View from the Thermo Fisher suite

In the closing session of the Advances in Genome Biology and Technology meeting recently concluded in Marco Island, Florida, the main organizers Dr. Eric Green (National Human Genome Research Institute Director, Bethesda MD) and Dr. Elaine Mardis (Co-director with Rick Wilson of the Genome Institute of Washington University, St. Louis MO) asked an interesting question – whether they should set-up an area where blog posts could be written (and recorded) for the benefit of others. I think it is a good idea – to have a forum by which participants can share their thoughts and impressions, as over the years these get scattered as certain blogs appear (and disappear as circumstances change).

Notes from AGBT 2010

As one example, Anthony Fejes shared a lot on his old blog, and if you want a snapshot on how things have changed in five years you can access his notes from AGBT 2010 here. (His 2009 observations are summarized in a single post here, dated Feb 9.) And then in 2010 he moved over to the blog network but it was short-lived, and is now blogging under a subdomain (here’s a link to his AGBT 2011 notes). Not being able to attend since (the most recent post was an invitation to ‘guest blog’ from the 2012 meeting but there were not any takers), he’s moved onto other topics in bioinformatics, and notably hosted a Reddit AMA a few months ago (I admit that I missed it, even though /r/bioinformatics is an interesting sub). He even received ‘Reddit Gold’, which is a way readers can reward useful contributions with additional Reddit superpowers.

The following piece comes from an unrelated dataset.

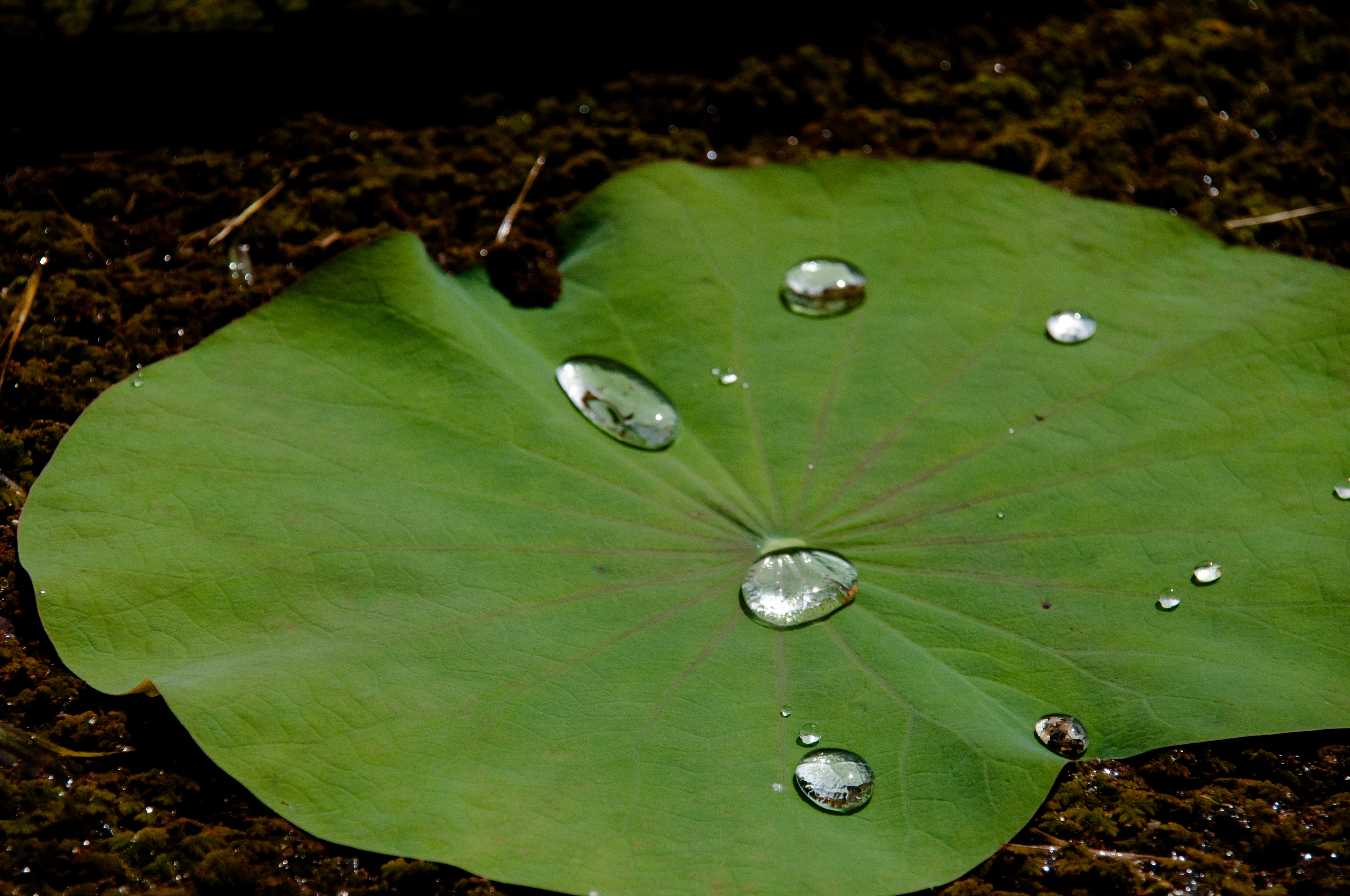 Lotus leaf with waterdrops, showing the 'Lotus-effect'

Anyway, back to the topic of guest blogging and AGBT: there were a number of new faces on Twitter using the #AGBT15 hashtag, and the prior notables that blogged about AGBT in prior years were absent, such as Lex Nederbragt (his ‘In Between the Lines of Code’ is widely read and last year was his first AGBT) and Keith Robison. Keith’s ‘Omics! Omics!’ site had a number of notable #AGBT15 posts, including a nice description of the just-announced 10X Genomics platform, and this review of Thermo Fisher Scientific’s progress with the Ion Torrent platform. Another blogger that comes to mind is Dan Koboldt of MassGenomics.

One simple fact is that at AGBT the intersection of public communication via this new media platform and attendees will change from year to year. This year perhaps other voices will start to share their opinions online – but for Lex, Keith and Dan they all have limited travel funds (who doesn’t?) and like anyone else has to be selective on which conferences to attend in a given year. (Of course there were commercial media present, such as reporting from GenomeWeb which will be sure to be written up and published over the next few days, as well as a number of Wall Street analysts who will be writing up their research reports for their respective audiences.)

The challenges of getting blog posts written

And blogs quickly become dormant – I see that the excellent GenomesUnzipped hasn’t posted since March of 2014 – for a wide variety of reasons, the primary one is that everyone is busy. The opportunity cost of writing down thoughts versus doing ‘regular work’ or other special projects or fulfilling other commitments is completely understandable.

So if AGBT as an organization does setup a guest-blogging platform (which I do plan on supporting, for what that’s worth), there is a bar it must hurdle – that of taking the time and effort of sharing opinion and feedback ‘on the record’. I hope that in the coming year there will be more people who can summarize their thoughts and impressions – it seems like it was only James Hadfield and his excellent Core Genomics blog who was there in-person.

And thus the value of in-person (“IRL”) interaction at a conference – the social component of asking for opinions and perspectives is invaluable. No dependance on getting people to write a guest post – they can simply share what they think. (And at all those – ahem – after-session informal get-togethers colloquially known as ‘parties’, there were plenty of opinions shared over a wide variety of topics, for sure.)

Okay, it does leave me as a blog-post writer who attended as well – and I want to thank all those who came up to me during AGBT to introduce yourselves. If I’ve learned anything through almost three years of blogging and tweeting, is that there are many people who find out who you are through your writing that you may never meet. (And thinking about it, we all have benefited enormously from the writings of people we will never meet, in particular the many writers of the Great Books that have so shaped Western civilization.) Thus the reach of the written word – even if it is in an ephemeral media such as an online blog – is a powerful thing.

Impressions from AGBT

So onto what I thought about AGBT: I’ve written up already (for the Thermo Fisher Scientific blog Behind the Bench) a post of my favorite talk at this year’s AGBT, Carlos Bustamonte (Stanford) talking about a unique application of forensic DNA analysis combined with his expertise on human population genomics – tracing the trans-atlantic slave trade from 1721 through several centuries (his data goes through 1910). His presentation was entitled “PhenoCap: A Targeted Capture Panel for Comprehensive Phenotyping of Forensic DNA Samples”. So keep an eye out for it, it should go live in a few days. (There already are some 5 video interviews from AGBT 2015 up on the website, with many more to come.)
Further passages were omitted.